* _DATASET EXCERPTS_:
--

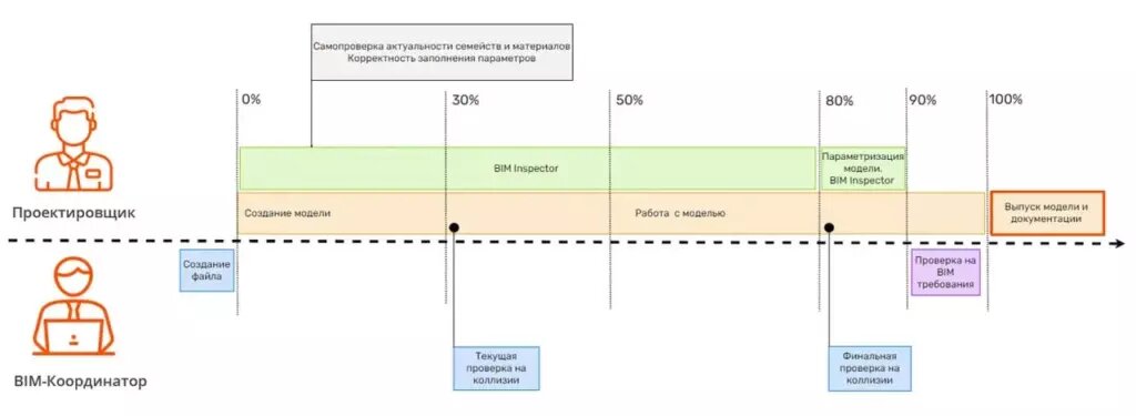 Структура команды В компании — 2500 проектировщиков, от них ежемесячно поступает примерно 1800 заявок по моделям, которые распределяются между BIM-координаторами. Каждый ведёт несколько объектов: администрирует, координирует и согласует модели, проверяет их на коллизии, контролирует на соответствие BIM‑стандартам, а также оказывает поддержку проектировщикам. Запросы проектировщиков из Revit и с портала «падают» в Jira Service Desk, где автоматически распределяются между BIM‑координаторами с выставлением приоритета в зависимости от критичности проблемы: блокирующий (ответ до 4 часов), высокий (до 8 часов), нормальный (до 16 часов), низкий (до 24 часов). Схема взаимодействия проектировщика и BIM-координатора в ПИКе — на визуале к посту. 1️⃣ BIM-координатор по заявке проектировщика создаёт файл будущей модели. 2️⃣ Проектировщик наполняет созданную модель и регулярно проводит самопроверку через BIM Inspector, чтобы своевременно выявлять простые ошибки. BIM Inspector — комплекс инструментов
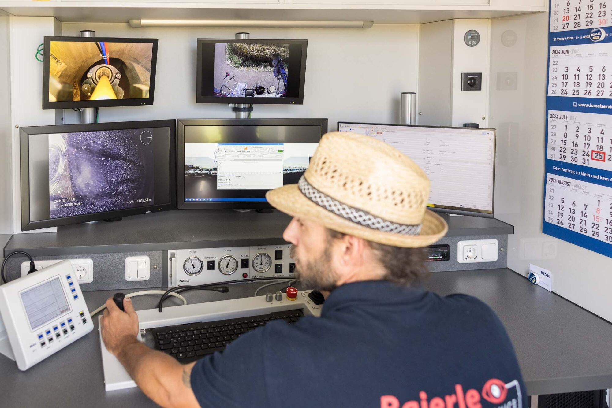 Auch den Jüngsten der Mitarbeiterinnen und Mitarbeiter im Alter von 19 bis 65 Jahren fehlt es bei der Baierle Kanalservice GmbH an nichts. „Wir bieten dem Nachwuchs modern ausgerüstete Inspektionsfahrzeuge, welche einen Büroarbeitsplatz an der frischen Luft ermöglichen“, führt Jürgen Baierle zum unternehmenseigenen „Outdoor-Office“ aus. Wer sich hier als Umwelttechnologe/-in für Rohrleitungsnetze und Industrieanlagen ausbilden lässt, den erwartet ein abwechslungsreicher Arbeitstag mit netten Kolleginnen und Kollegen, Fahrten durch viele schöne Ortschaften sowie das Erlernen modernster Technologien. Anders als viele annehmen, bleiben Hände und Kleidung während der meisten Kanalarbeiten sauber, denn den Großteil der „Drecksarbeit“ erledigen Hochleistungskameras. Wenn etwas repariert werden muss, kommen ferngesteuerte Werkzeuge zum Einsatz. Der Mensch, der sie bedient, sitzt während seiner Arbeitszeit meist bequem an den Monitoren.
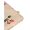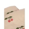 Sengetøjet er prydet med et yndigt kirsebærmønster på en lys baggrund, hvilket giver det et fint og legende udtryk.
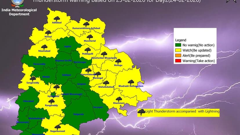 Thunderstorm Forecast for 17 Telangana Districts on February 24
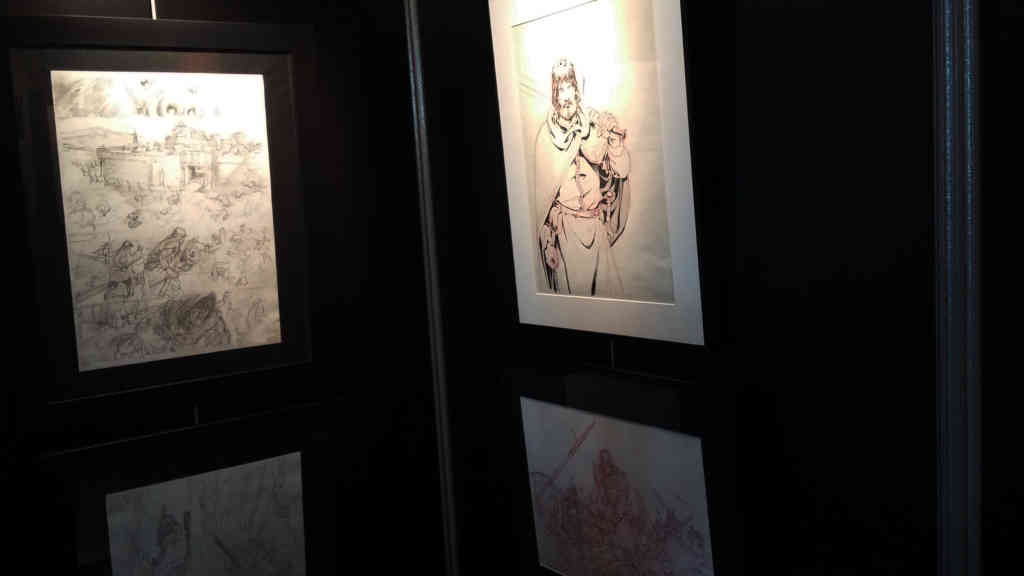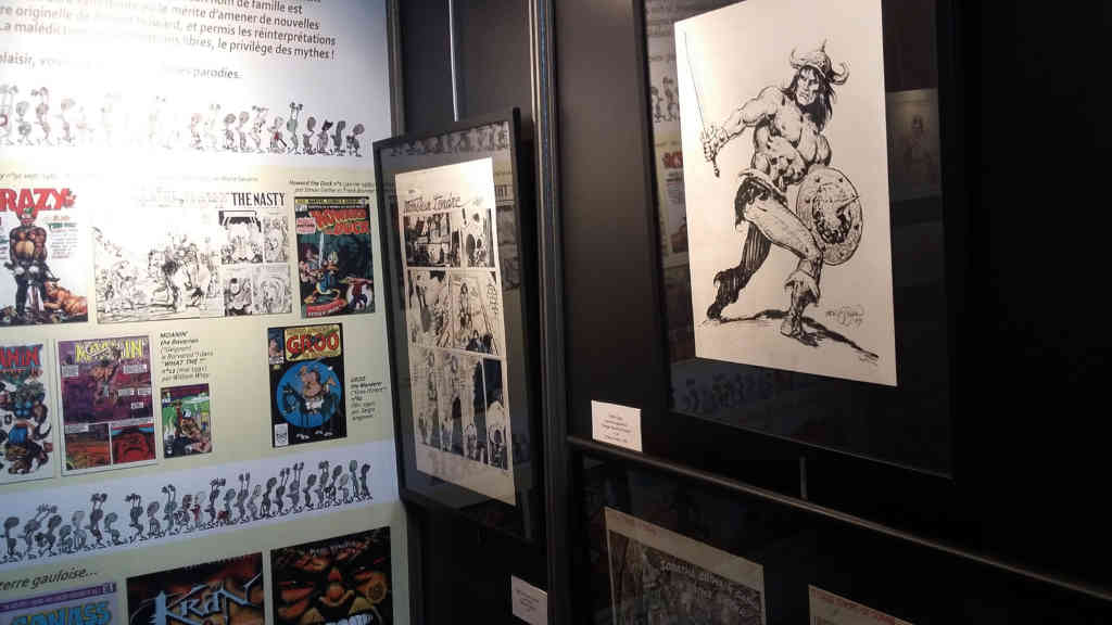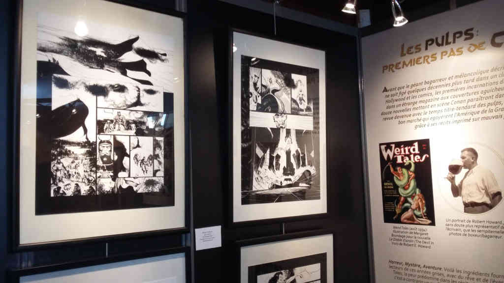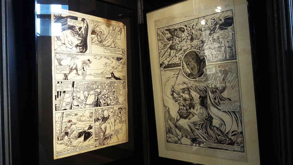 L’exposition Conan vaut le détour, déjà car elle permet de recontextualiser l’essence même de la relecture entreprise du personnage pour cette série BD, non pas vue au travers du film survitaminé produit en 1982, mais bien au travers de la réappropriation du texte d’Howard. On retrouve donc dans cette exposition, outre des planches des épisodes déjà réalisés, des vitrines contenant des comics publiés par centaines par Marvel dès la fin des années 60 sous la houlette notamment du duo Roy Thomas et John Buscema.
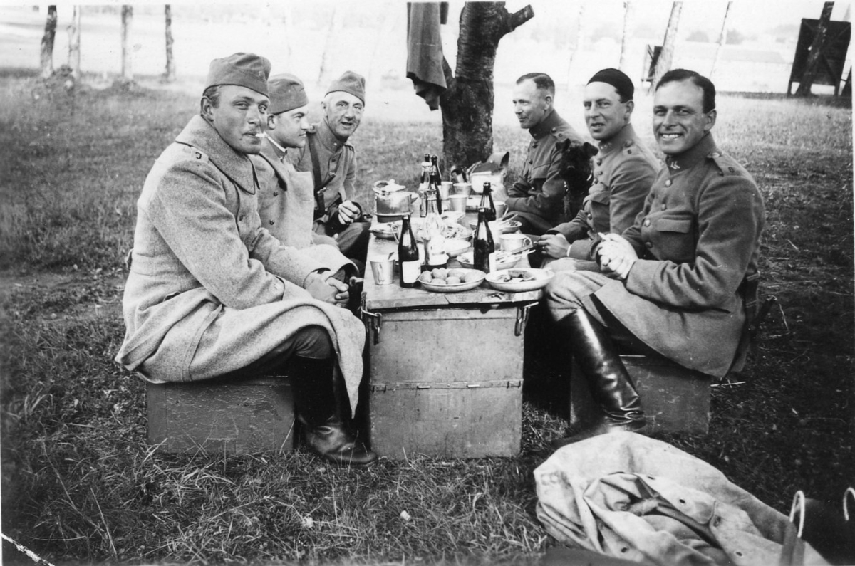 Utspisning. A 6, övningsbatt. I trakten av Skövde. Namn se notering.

--

Would you reproduce the lines above exactly, without carrying over the pictures?

 Структура команды В компании — 2500 проектировщиков, от них ежемесячно поступает примерно 1800 заявок по моделям, которые распределяются между BIM-координаторами. Каждый ведёт несколько объектов: администрирует, координирует и согласует модели, проверяет их на коллизии, контролирует на соответствие BIM‑стандартам, а также оказывает поддержку проектировщикам. Запросы проектировщиков из Revit и с портала «падают» в Jira Service Desk, где автоматически распределяются между BIM‑координаторами с выставлением приоритета в зависимости от критичности проблемы: блокирующий (ответ до 4 часов), высокий (до 8 часов), нормальный (до 16 часов), низкий (до 24 часов). Схема взаимодействия проектировщика и BIM-координатора в ПИКе — на визуале к посту. 1️⃣ BIM-координатор по заявке проектировщика создаёт файл будущей модели. 2️⃣ Проектировщик наполняет созданную модель и регулярно проводит самопроверку через BIM Inspector, чтобы своевременно выявлять простые ошибки. BIM Inspector — комплекс инструментов
 Auch den Jüngsten der Mitarbeiterinnen und Mitarbeiter im Alter von 19 bis 65 Jahren fehlt es bei der Baierle Kanalservice GmbH an nichts. „Wir bieten dem Nachwuchs modern ausgerüstete Inspektionsfahrzeuge, welche einen Büroarbeitsplatz an der frischen Luft ermöglichen“, führt Jürgen Baierle zum unternehmenseigenen „Outdoor-Office“ aus. Wer sich hier als Umwelttechnologe/-in für Rohrleitungsnetze und Industrieanlagen ausbilden lässt, den erwartet ein abwechslungsreicher Arbeitstag mit netten Kolleginnen und Kollegen, Fahrten durch viele schöne Ortschaften sowie das Erlernen modernster Technologien. Anders als viele annehmen, bleiben Hände und Kleidung während der meisten Kanalarbeiten sauber, denn den Großteil der „Drecksarbeit“ erledigen Hochleistungskameras. Wenn etwas repariert werden muss, kommen ferngesteuerte Werkzeuge zum Einsatz. Der Mensch, der sie bedient, sitzt während seiner Arbeitszeit meist bequem an den Monitoren.
 Sengetøjet er prydet med et yndigt kirsebærmønster på en lys baggrund, hvilket giver det et fint og legende udtryk.
 Thunderstorm Forecast for 17 Telangana Districts on February 24
 L’exposition Conan vaut le détour, déjà car elle permet de recontextualiser l’essence même de la relecture entreprise du personnage pour cette série BD, non pas vue au travers du film survitaminé produit en 1982, mais bien au travers de la réappropriation du texte d’Howard. On retrouve donc dans cette exposition, outre des planches des épisodes déjà réalisés, des vitrines contenant des comics publiés par centaines par Marvel dès la fin des années 60 sous la houlette notamment du duo Roy Thomas et John Buscema.
 Utspisning. A 6, övningsbatt. I trakten av Skövde. Namn se notering.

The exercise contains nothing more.